「広!」


 自宅に着いてからの一言は、そんなヴォーナの驚いた声だった。

 とはいえそれも仕方のないことで、私が今住んでいる家はマスターから貸してもらっている魔法の試し打ちなんかができる地下施設付きの豪邸なのだ。それは本当に無駄と言えるほど広いので、たまにマスターの雇ったメイドさんが掃除等の管理をしに来るくらいだった。


「こんな家に一人で暮らしてるの?」

「うん。まあ訳ありで」

「訳ありって…………いったい何なのよ…………」


 イヴネリアはうっすらと察しているようだったが、私の事情をほとんど知らない残りの三人はどこか呆れたような顔を浮かべていた。

 とはいえそれに面白おかしな反応を返せるような私でもないので、それ以上の反応はせずに早速本題へと話を移した。


「魔法器なら一階の倉庫か地下施設に置きっぱなしにしてるのがあるけど…………」

「地下施設ですか?」

「うん。魔法器の調整とかしてるとこ。よく使う魔法器はだいたいそこに置きっぱなしにしてるかな」

「では、そちらで」


 イヴネリアの言葉に他の三人も頷いたのを確認した私は、応接間の奥にある階段から、地下施設へと皆を案内した。
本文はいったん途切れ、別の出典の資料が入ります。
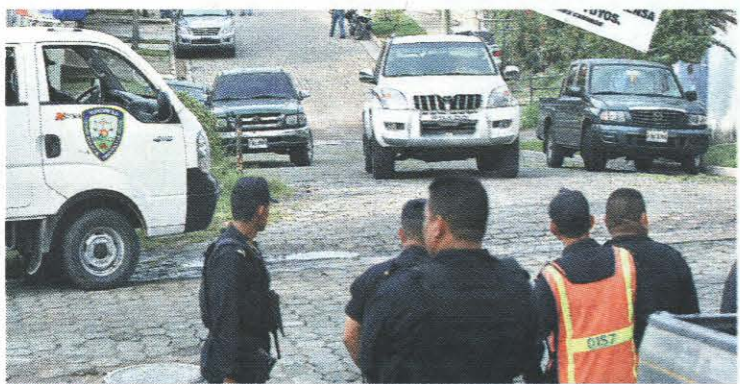
Detención. El ex mandatario fue requerido por militares, la mañana del domingo, para trasladarlo a Costa Rica.
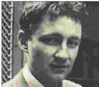
Guy Debord

si è allontanato in una rappresentazione. È già il Debord che si basa sui testi di Hegel e di Marx utilizzando quello che sarà un marchio di fabbrica, il détournement , ossia una riscrittura creativa. Scrive: “Lo spettacolo non è un insieme di immagini ma un rapporto sociale fra individui mediato dalle immagini”. Jappe fa i conti con la biografia di un uomo misterioso ed inaccessibile come pochi. In un certo senso, un avventuriero. Con la sua prosa scintillante e

 地下施設とは言ってもそこまで大層なものではなく、だだっ広い訓練場のようなところだ。利点と言えば地表から大部離れているので大きな音を出してもいいところと、空調だけはしっかりと考えられた作りになっているところくらいだろうか。


「地下も凄く広いわね…………それで、例の魔法器っていうのは?」

「あれではないですか?あそこに立てかかっている…………」

「あれが?ただの弓にしか見えないのだけど」


 私が地下に置きっぱなしにしている物を見て、そんな会話を繰り広げるイヴネリアとヴォーナ。

 だがイヴネリアの言っていることは正しくて、ただの弓にしか見えないそれは立派な魔法器だった。


「まあそれもそうなんだけど、ここに置いてあるのは基本的に全部魔法器だよ。例えばこの手袋とか」


 そう言って私が手にしたのは、白地に指先だけ銀色に輝いているロンググローブ───それも、右手の分だけのものだ。これは私が特に愛用しているもので、火力調節の利く炎弾を放てる魔法器だった。


「こんな手袋が?」


 右手にハメた手袋型の魔法器を見て訝しげに呟いたヴォーナに対してコクリと頷いた私は、的に向かって火力を最低限に抑えた炎弾を放って見せた。

 それは直径三センチにも満たない小さな炎弾だったが、どうやら魔法を見たことがない彼女たちにはとても新鮮だったようで、その炎弾が爆ぜる音とともに静寂が訪れた。


「…………すごい」

「すごいって程のものじゃないと思うけど…………何なら試してみる?」

「試すって、私たちにも使えるってこと!?」


 私からしたら何気ない提案のつもりだったそれは、ヴォーナにとっては衝撃的なものだったようで、私は予想外の食い付きに少しばかり驚きながらも平静を装って答えた。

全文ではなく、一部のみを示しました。